A Shot in the Dark

Ring a Ding Ding

A Shot in the Dark (1964)

     Unlike The Thin Man movies, the series of films following the bumbling French detective Jacques Clouseau opted not to fashion the titles of the sequels off the first. The Pink Panther title refers to a priceless gem featured only in the initial film, similar to how the “thin man” is only sought in the primary movie of the set, which also happens to follow a detective.

     Just as with the first Clouseau appearance, A Shot in the Dark is a roaring good time of dialogue and physical comedy. Peter Sellers hams up the French accent even more in this endeavor giving us words such as “bemp” (bump) and “meths” (moths). Some of the writing (“The telephone is for Inspector Clouseau,” the butler says. “Ah, that will be for me,” Clouseau responds) had me thinking these films might have inspired gags in films like Airplane! and other Jim Abrahams work. The sight gags come one after another. My favorite repeated joke is Clouseau’s various arrests in his attempts to go under cover. The action quickly cuts to a paddy wagon, siren blazing, zooming toward the camera, always with an additional joke on the back of the vehicle. I would follow that with Clouseau’s houseman who repeatedly tricks us into thinking he is actually trying to assassinate the inspector. No worries, Clouseau is just trying to keep on his toes.

     The plot starts with Clouseau investigating a murder at the large home of Benjamin Ballon, played by an old and tired-looking George Sanders. Clouseau surmises the woman found with a gun in her hand, Maria Gambrelli (played by German actress Elke Sommer), cannot possibly be the murder and so repeatedly releases her from jail, each time with another murder to follow. In the second half of the picture the murders come absurdly one after another. Oddly, the riddle of who killed whom acts as a MacGuffin. Various side characters rattle off what happened, but the confusion is so great, the viewer is left not caring about the truth. It does not really matter anyway; we are just here for the laughs.

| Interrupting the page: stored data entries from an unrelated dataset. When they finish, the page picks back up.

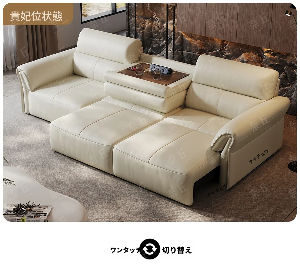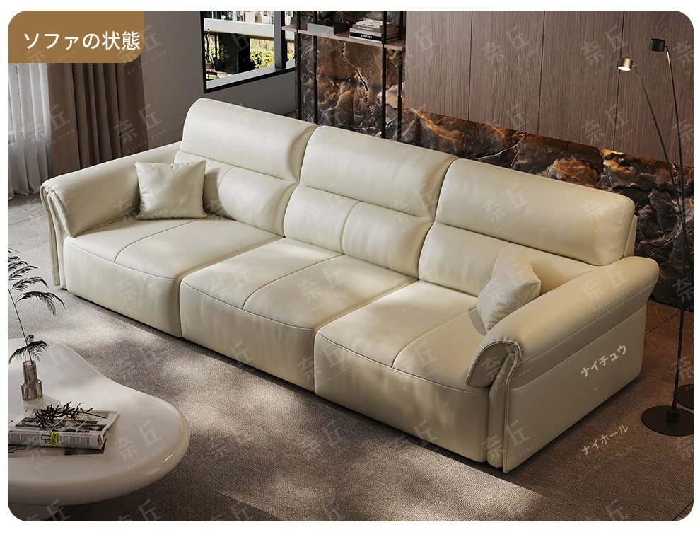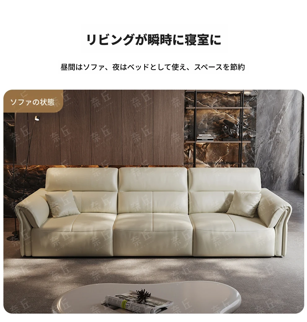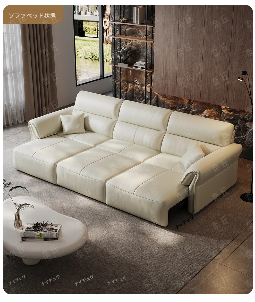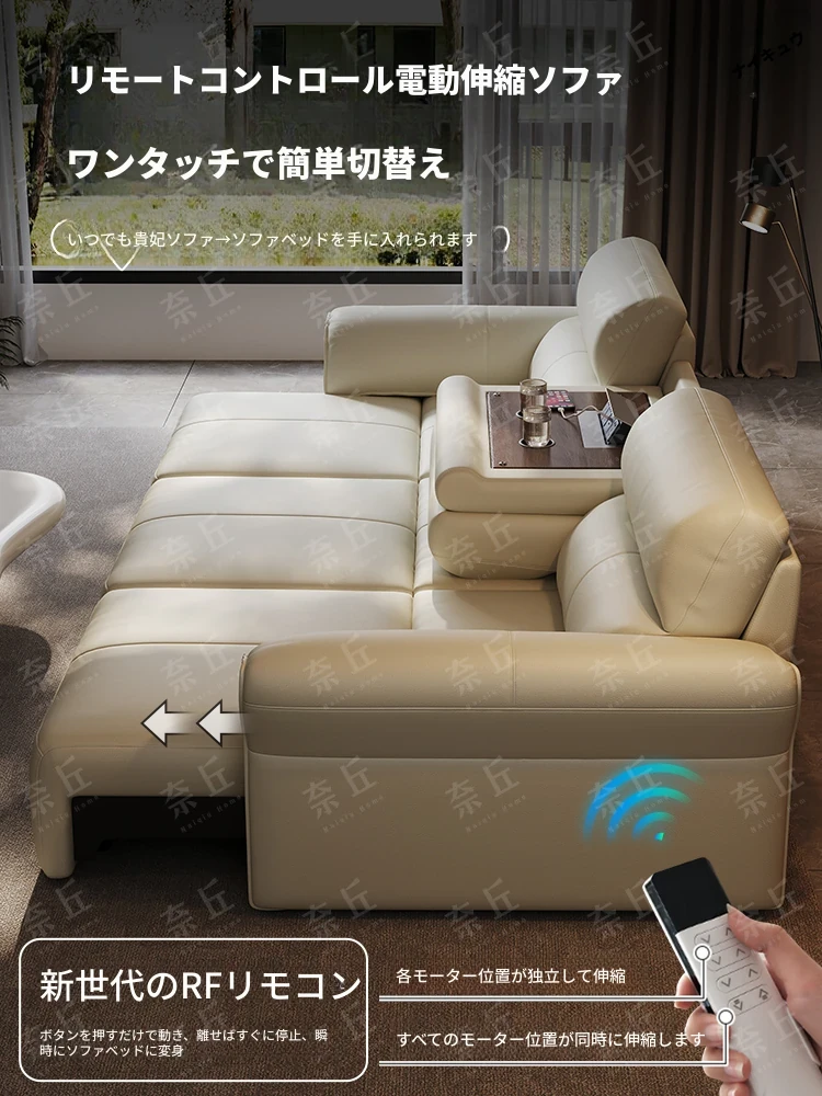 2024年新作!奈丘電動多機能本革ソファ - イタリアン・ミニマリズムデザイン、リモコンで自動伸縮、快適なリビングルームと便利なソファベッド!
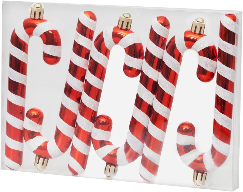 Set 6 decorațiuni de Crăciun tip acadea pentru brad, roșu-alb, 12,5 cm
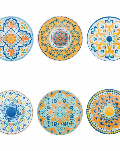 6 mehrfarbige Sicilia Plastikteller - D.33 cm
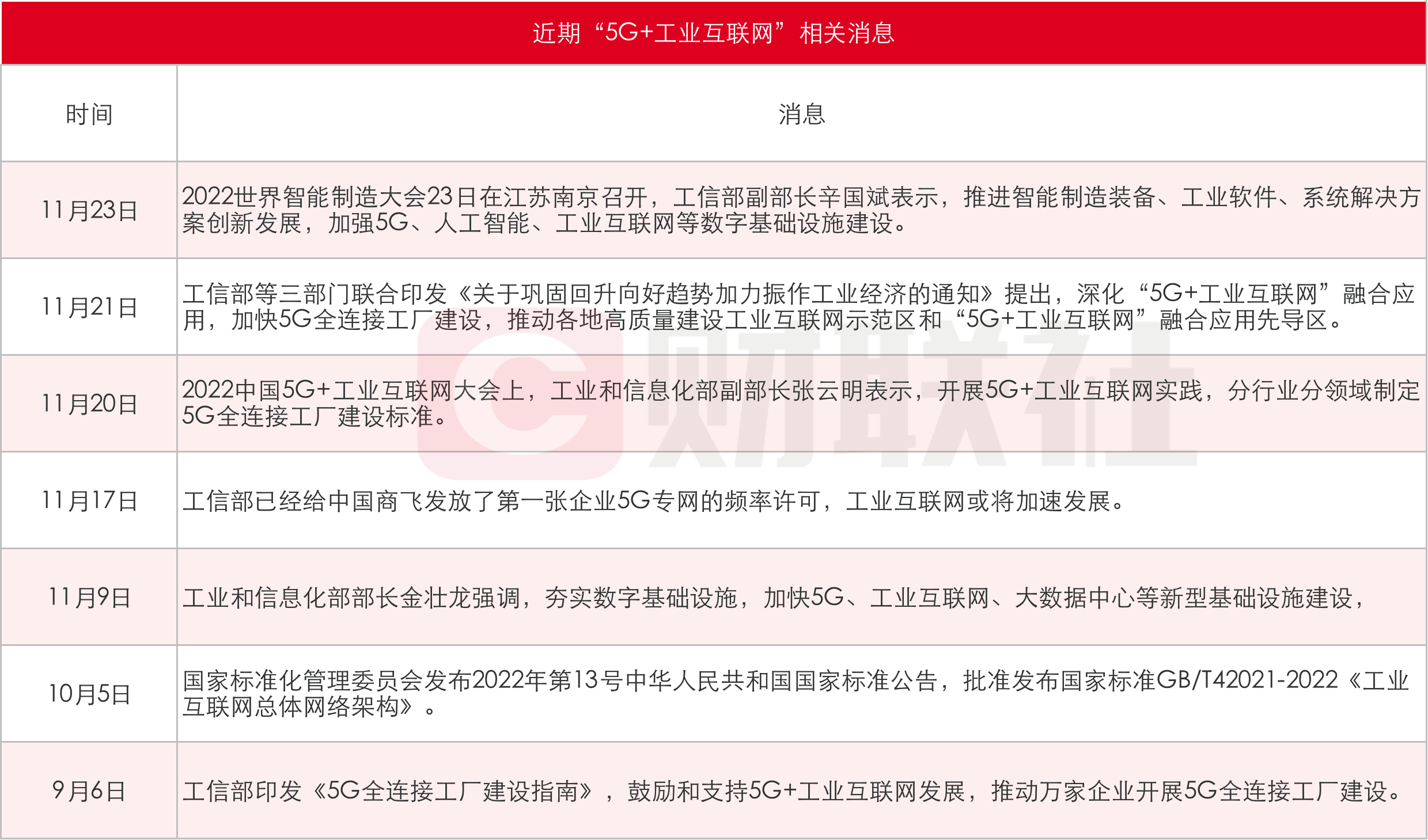 值得注意的是,据财联社不完全梳理,近期“5G+工业互联网”相关利好消息不断。
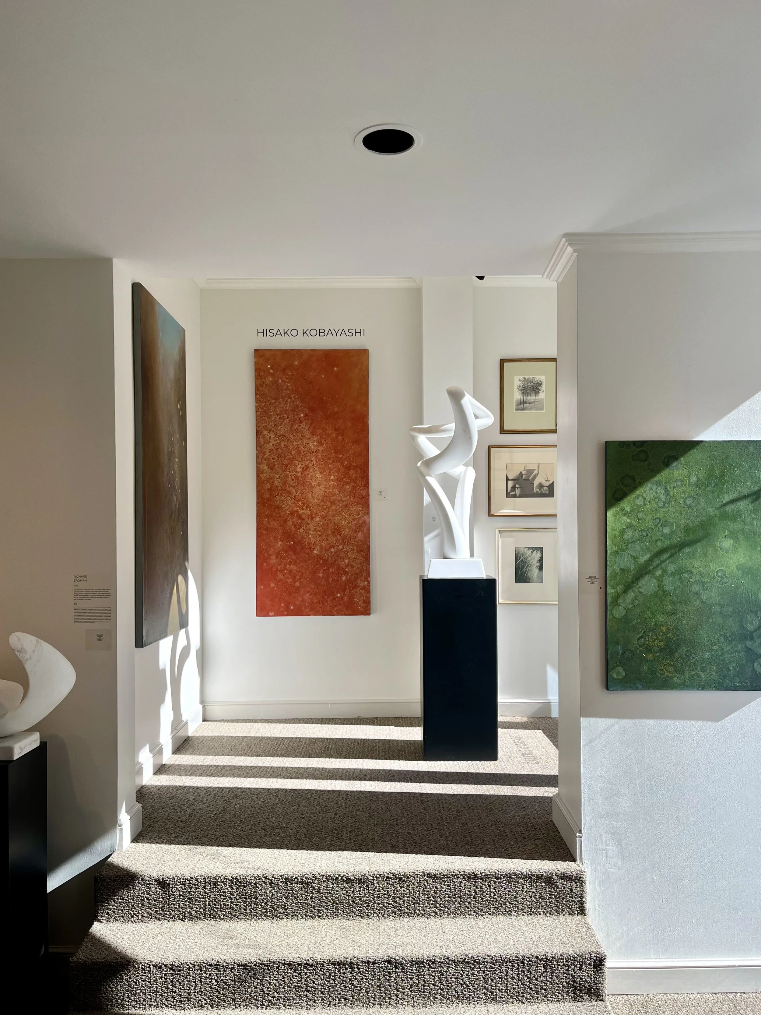 Hisako Kobayashi's paintings serve as a form of meditation for both herself and her viewers, creating a profound and lasting emotional and spiritual impact. Her work balances opposites in harmony, culminating in compositions that seem to embody the essence of air or water, pulsing with energy.
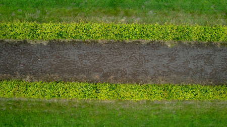 garden detail in aerial view with sand path going between two hedges. High quality photo
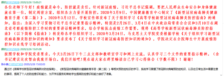 2020年3月26日(周四)下午,“纲要”党支部书记施亚利在“红太阳—武工大纲要党支部”QQ群上,布置了学习任务,要求各成员按照马院“学习防控知识通知”要求,重点学习了《手册》、《指南》。截至3月28日晚,“纲要”党支部各位成员经过认真学习,撰写了学习的心得体会,并提交给支部书记。
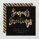 Tipografia de saudações da temporada Imagem de preto elegante e Dourado, Texto de Folha de Ouro Falso e Stripes em Fundo Preto, Script Moderno, Cartão de Natal Chic
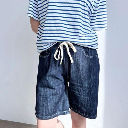 여자 여름버뮤다 5부 워싱 속밴딩 면 청반바지_4
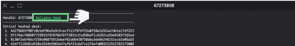 Proving participation is just the start. Players can also verify the randomness of the cards in the final deck. This can be done for all community cards and hands revealed by other players (so no Mucked hands), but for the sake of explaining we will show you how you can verify the fairness of the first two cards:
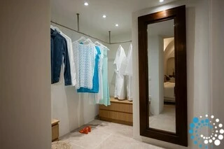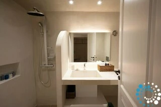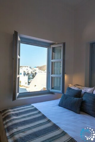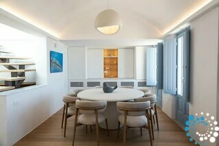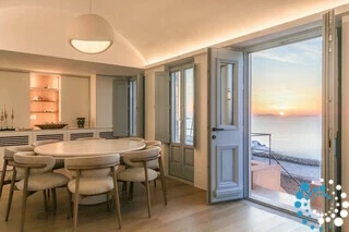The first floor of Villa Rodakini features two elegantly appointed en-suite bedrooms. One offers a luxurious 1.80-meter-wide bed, while the other has a comfortable 1.60-meter-wide bed, each accompanied by spa-style bathrooms with rainfall showers and high-pressure showerheads. A stylish guest WC adds extra convenience. The spacious living room provides the perfect spot to relax while taking in breathtaking views of Oia, the iconic blue domes, and the sparkling Aegean Sea. The dining area and fully equipped kitchen are complemented by a pantry for additional storage, ensuring both comfort and functionality.
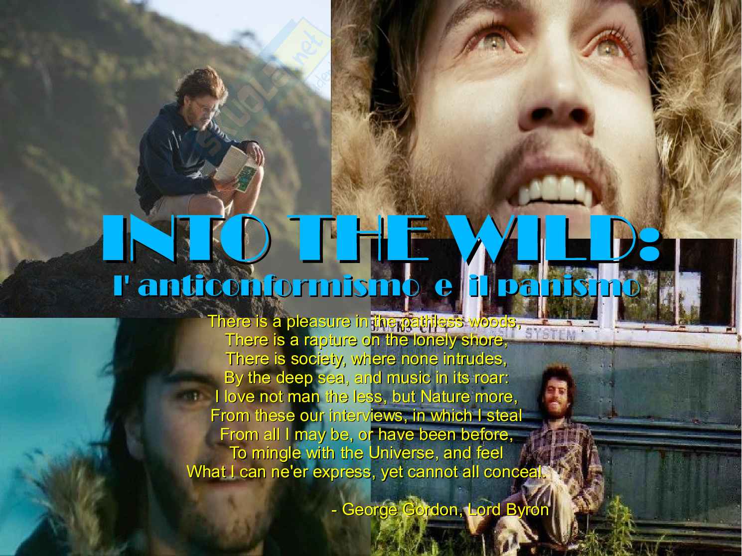 Questa tesina di maturità descrive l'anticonformismo e il panismo attraverso Into the wild. Gli argomenti che vengono sviluppati nella tesina sono i seguenti: in Storia il 1968, in Inglese Jack Keruac e la Beat Generation, in Italiano l'anticonformismo nel 1900. Dagli scapigliati ai decadenti, La trappola di Pirandello, in Filosofia il nichilismo attivo di Nietzsche e la volontà di potenza di Schopenhauer, in Fisica l'entropia, un concetto fisico legato al mondo dionisiaco, in Latino Petronio, il Satyricon e il percorso labirintico dei personaggi, in Greco Luciano e "La storia vera", in Geografia astronomica Galileo Galilei,
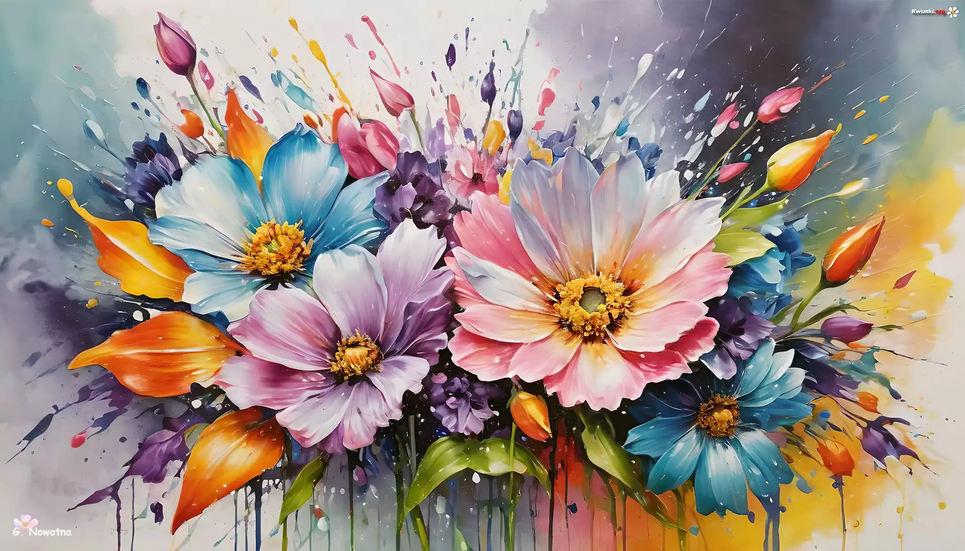 Kolorowe, Kwiaty, Pąki, Grafika - Zdjęcia
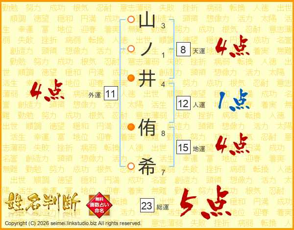 山(3画)ノ(1画)井(4画) 侑(8画)希(7画)
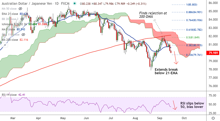 The pair is poised for further downside after rejection at 200-DMA and daily cloud. Scope for dip till 200-week MA at 78.48.
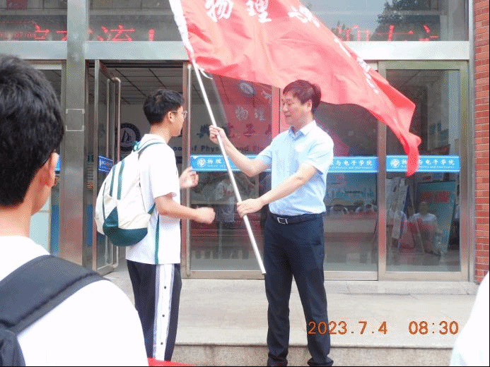 为深入学习宣传贯彻习近平新时代中国特色社会主义思想和党的二十大精神,引导和帮助广大青年学生在与现实相结合的“大思政课”中“受教育、长才干、作贡献”,引领青年大学生立志做有理想、敢担当、能吃苦、肯奋斗的新时代好青年,7月4日上午,我院2023年暑期“三下乡”社会实践活动出征仪式在物理与电子学院A楼前隆重举行。学院党委书记张慧、党委副书记刘寒冰、辅导员张婷等出席本次出征仪式,出征仪式由党委副书记刘寒冰主持。

     The score is again composed by a favorite of mine, Henry Mancini, who is responsible for “Moon River” and the Charade score. The man has 168 movies to his credit for musical score or a single song with participation even as recently as last year. Mancini should be worshiped for creating some of the most memorable scores in history, which of course includes the Pink Panther theme that carried over into the cartoon.

     Much like The Thin Man  movies, one does not need to have seen The Pink Panther to enjoy A Shot in the Dark. I highly recommend it.

  • A Shot in the Dark is set for 1:30 p.m. April 20 on TCM.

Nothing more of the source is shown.